▶ [THE PROBLEM]
Word for word, copy all the data and drop the pictures.

DATASET EXCERPT: Begin

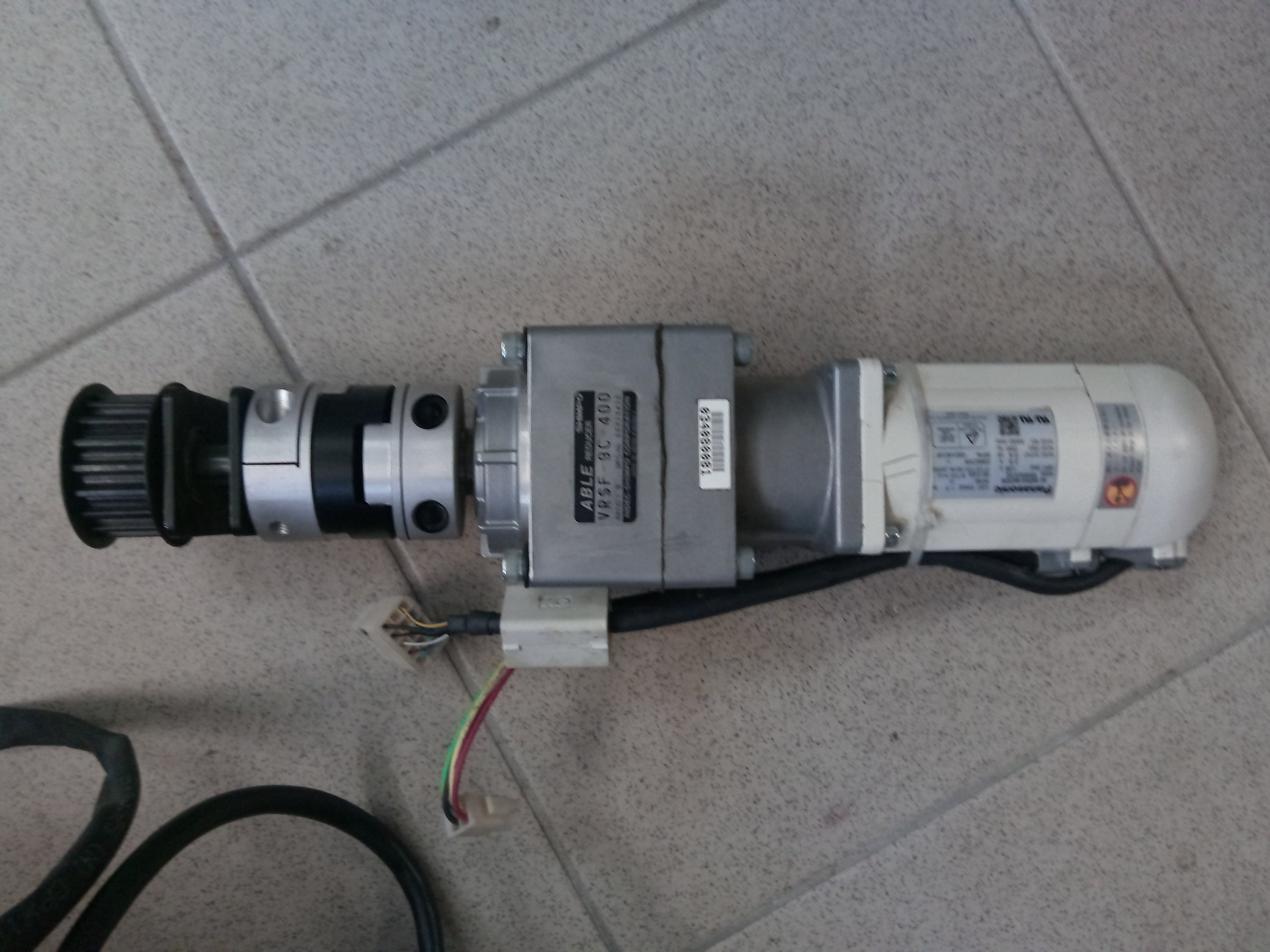 2) Servokomplet Panasonic: motor MSM042A1EE, driver: MSS043A1XP, převodovka VRSF-9C-400 (1:9 do pomala, zaručená vůle menší než 15 úhlových minut). Opět včetně kabelů k motoru, enkodéru (cca 2m) a řídicího kabelu s konektory. Součástí rekuperační tlumivka. Za převodovkou je ještě axiální spojka a výstupní hřídel s řemenicí, vše na drážku a pero - přenese velký krouticí moment.
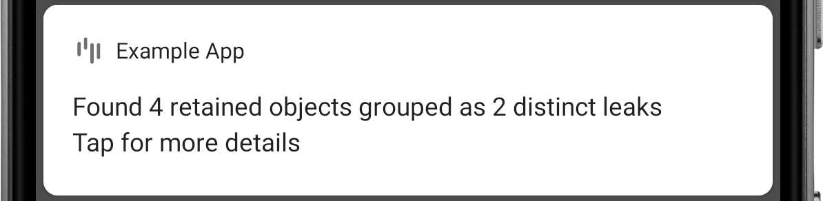 当分析完成后,LeakCanary会显示一个带有摘要的通知,并在Logcat中打印结果。请注意下面的4个保留对象是如何被归为2个不同的泄漏的。LeakCanary 为每个泄漏跟踪创建一个签名,并将具有相同签名的泄漏分组在一起,即由相同错误引起的泄漏。
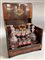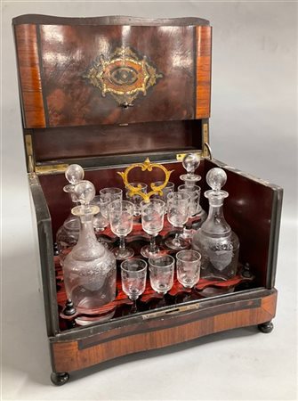 Servizio da liquori contenuto in una scatola in legno intagliato, filettato e i

DATASET EXCERPT: End

▶ [ANSWER SPACE]
 2) Servokomplet Panasonic: motor MSM042A1EE, driver: MSS043A1XP, převodovka VRSF-9C-400 (1:9 do pomala, zaručená vůle menší než 15 úhlových minut). Opět včetně kabelů k motoru, enkodéru (cca 2m) a řídicího kabelu s konektory. Součástí rekuperační tlumivka. Za převodovkou je ještě axiální spojka a výstupní hřídel s řemenicí, vše na drážku a pero - přenese velký krouticí moment.
 当分析完成后,LeakCanary会显示一个带有摘要的通知,并在Logcat中打印结果。请注意下面的4个保留对象是如何被归为2个不同的泄漏的。LeakCanary 为每个泄漏跟踪创建一个签名,并将具有相同签名的泄漏分组在一起,即由相同错误引起的泄漏。
 Servizio da liquori contenuto in una scatola in legno intagliato, filettato e i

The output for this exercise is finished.